:: EXERCISE ::
Below are records with pictures in them. Output exactly the lines from the one with "45.7373.8005 (1/02506-04/44, 103613-11)" through the one with "3' 3 x 3' 3 Washable Nostalgia Round Rug", both included, and leave every picture out; give only those lines.

:: INFORMATION GIVEN ::

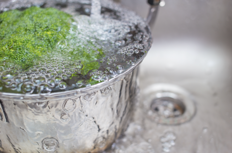 西兰花易长菜虫又不易被 察觉,可在烹调前把整棵 浸泡20至30分钟, 在水中加少许盐或梳打 粉清除农药和菜虫,再用水冲洗干净。
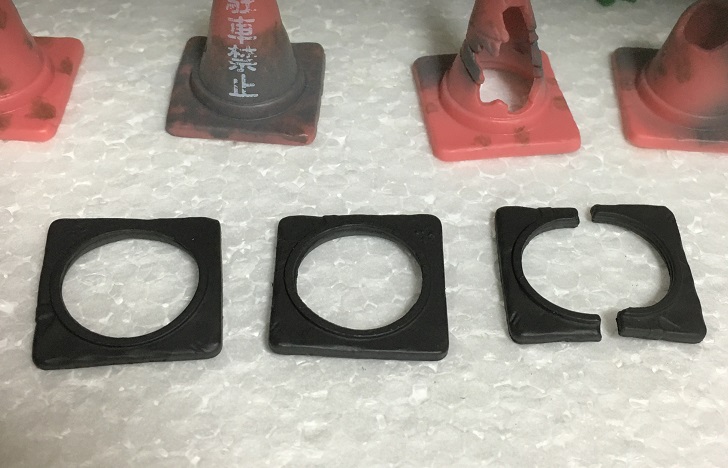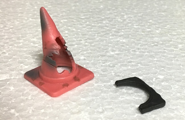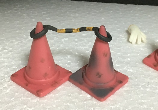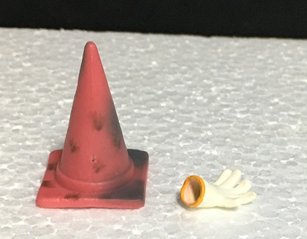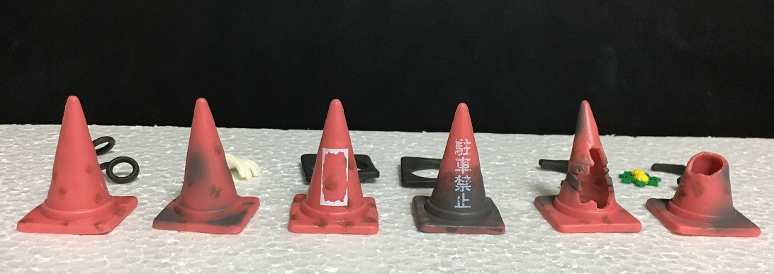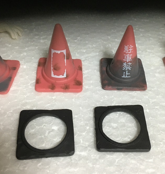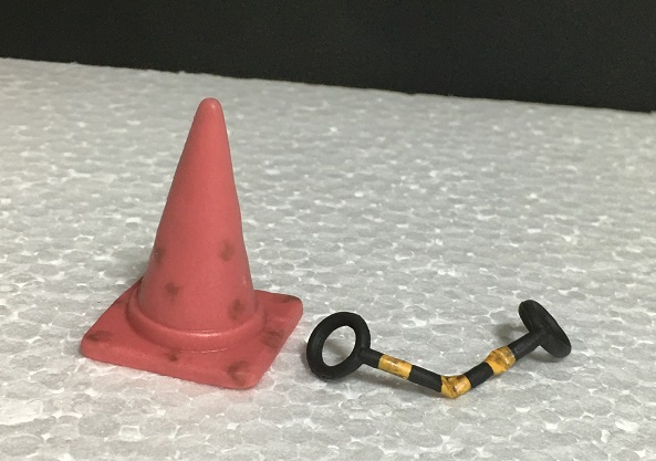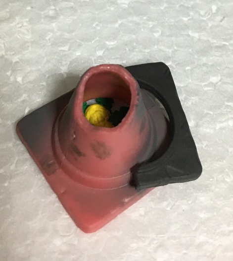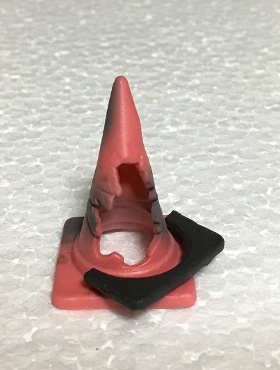 パイロンのミニチュアはいろいろなメーカーからいろいろなサイズでけっこう出てたりするのですが、今回の商品みたいに悪い状態を再現した物はあまり無いと思います。
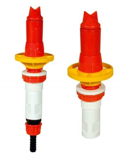 Vegyszeres kannák kimosására alkalmas szeleppel ellátott rotációs szórófej.
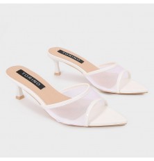 ZXQ1805 نعال كعب ذو مقدمة مدببة بجزء من التول
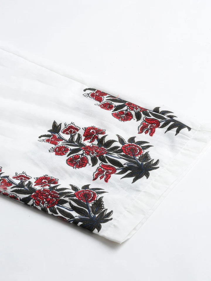 Be the first to review “Divena White Floral Kurta Pant Set with Chanderi Shurg” Cancel reply
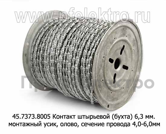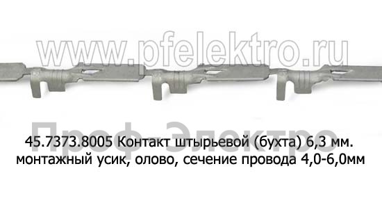 45.7373.8005 (1/02506-04/44, 103613-11) Контакт штыревой (10/3000шт./бухта) 6,3 мм., монтажный усик, олово (сечение провода 4,0-6,0 мм) (Копир)
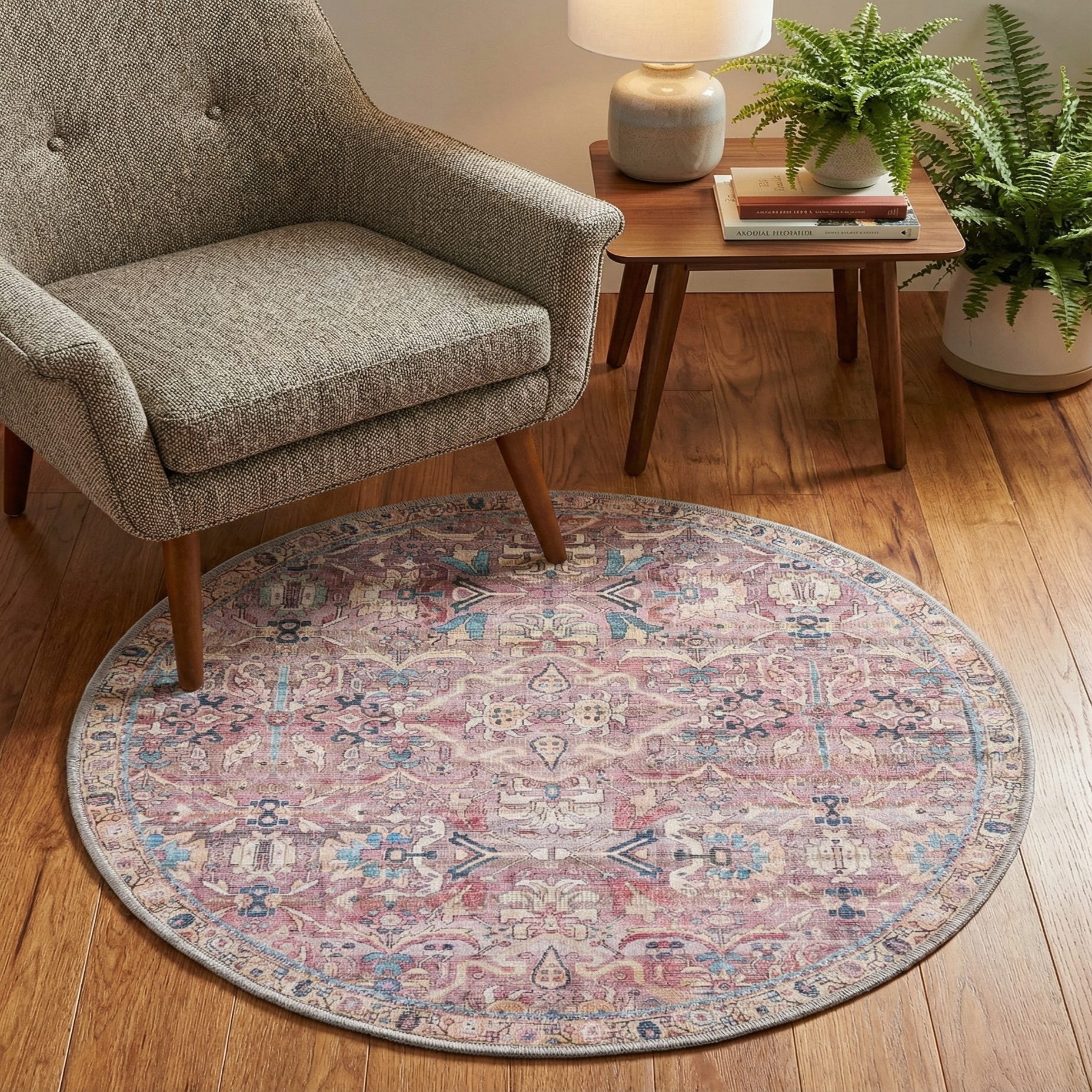 3' 3 x 3' 3 Washable Nostalgia Round Rug
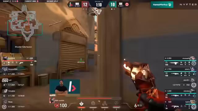 02:53:14Der Spielstart ist intensiv, mit Bodax Gaming im Angriff. Die erste Pistol Round geht an Bodax, was einen frühen Vorteil verschafft. Die Team-Comps werden analysiert: Bodax spielt mit Double Duelist Weyla Yoru, während SGE auf Double Sentinel mit Deadlock Cypher setzt. Es gibt eine kurze technische Pause. Die Kommentatoren kommentieren die Anonymität des neuen Spielers Kami, der den Ingame-Namen Rayquaza trägt. Die zweite Runde geht ebenfalls an Bodax, die sehr kalkuliert und durchdacht agieren. Eintracht Frankfurt holt sich die dritte Runde, trotz eines guten Starts von Bodax. Die Kommunikation wird als Herausforderung für SGE betrachtet, da sie nun auf Englisch callen müssen. Bodax zeigt sich stark in der Defensive, während Frankfurt versucht, mit aggressiven Aktionen und Flanks zu punkten. Die Halbzeit endet mit einer Führung für Bodax Gaming, obwohl Eintracht Frankfurt in einigen Runden gute Ansätze zeigte und sich eine fünfte Runde sichern konnte.
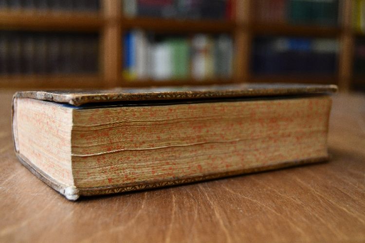 Format 17 x 10 cm, Leder der Zeit auf 5 Bünden, Stegrand- und Rückenvergoldung sowie umlaufendem Sprengschnitt
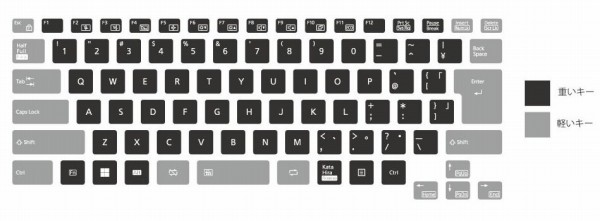 キーの重さは指の力に合わせて2段階に調整されており、タイピングしやすさにこだわっています。
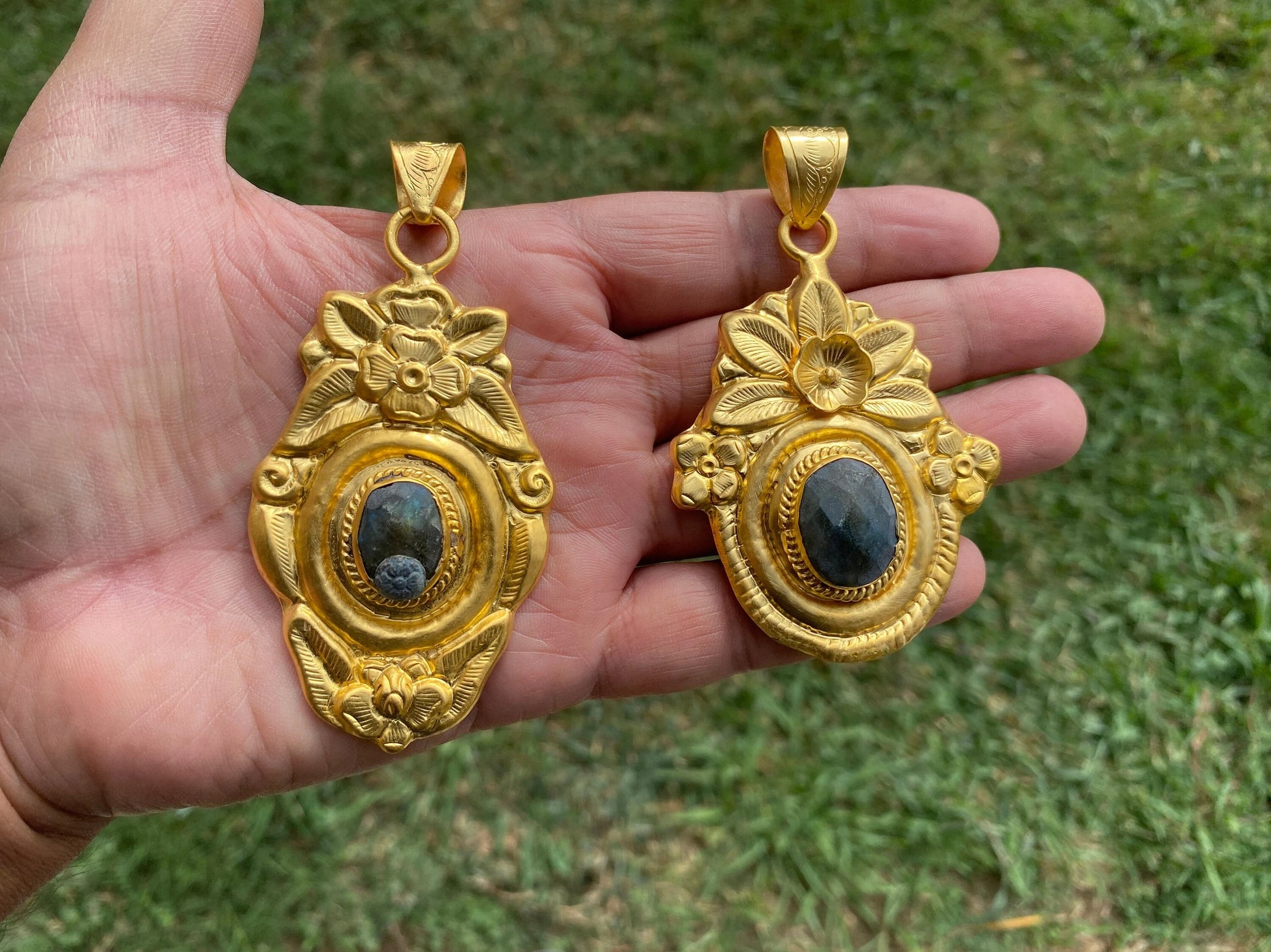 This one of a kind Large Tibetan Pendant made with 18K Matte Gold Overlay over Brass with Anti Tarnish Finish. Step into a world of enchantment with our Gold-Encased Labradorite Pendant. Handpicked for its mesmerizing play of colors, each labradorite stone dances with iridescent blues, greens, and golds, reminiscent of the ethereal Northern Lights. Encircled in a delicately crafted gold setting, this pendant not only offers the mysterious allure of labradorite but also the timeless elegance of gold. Worn close to the heart, it's more than just a piece of jewelry; it's a journey to nature's most captivating phenomena, captured and transformed into a keepsake of enduring beauty. Whether you're dressing up for a special occasion or simply adding a touch of magic to your everyday ensemble, this pendant promises to be a conversation starter.✤ Keep in mind:1. Product VarianceAs the jewelry is handmade in nature, the items may experience variance in texture, shape, color, and finish. This also comes with some imperfections, which sets them apart from jewelry made in a factory – that being said please read the description thoroughly and view the pictures before you make your final purchase. As always, please don’t hesitate to ask us if you have any questions as we are more than happy to provide you with utmost quality assurance.
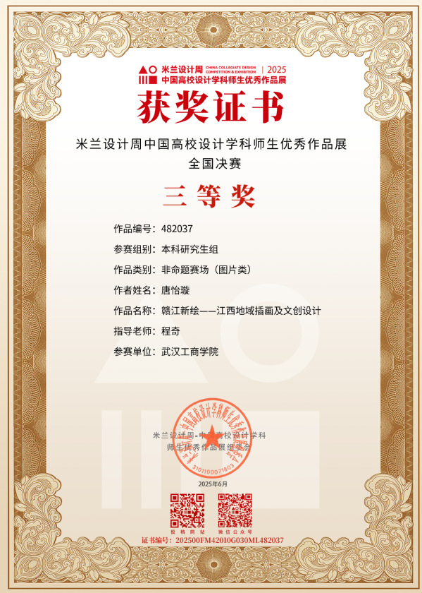 在本次大赛中,学生孙薛宝、肖纪彤、曹陈睿的作品《幻想之旅》(指导老师:程奇)在非命题赛道中斩获全国一等奖;学生皮崇岑、冉子文、陶周庆的作品《青春的海洋》(指导老师:何轩、宗国凯),学生陈泽华的作品《〈逐梦巴黎燃情奥运〉长卷插画及文创产品设计》(指导老师:程奇)荣获全国二等奖;另有7件作品荣获全国三等奖。
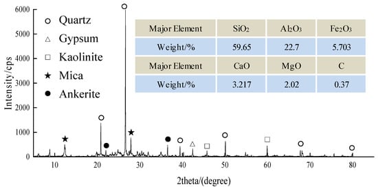 The scan results were analyzed by Jade to obtain the gangue phase composition. Figure 7 shows the phase composition of the gangue (XRD test results) and the proportion of main components (XRF test results). The results illustrate that the phase composition of the selected gangue mainly includes Quartz (SiO2), Gypsum (CaSO4), Kaolinite (Al2O3∙2SiO2∙2H2O), Mica ((KAl2(AlSi3O10)(OH)2)), Ankerite (CaMg(CO3)2), etc. The main chemical components, and their proportions, are SiO2 (59.65%), Al2O3 (22.7%), Fe2O3 (5.703%), CaO (3.217%), MgO (2.02%), C (0.37%), etc.

:: TASK SOLUTION ::
 45.7373.8005 (1/02506-04/44, 103613-11) Контакт штыревой (10/3000шт./бухта) 6,3 мм., монтажный усик, олово (сечение провода 4,0-6,0 мм) (Копир)
 3' 3 x 3' 3 Washable Nostalgia Round Rug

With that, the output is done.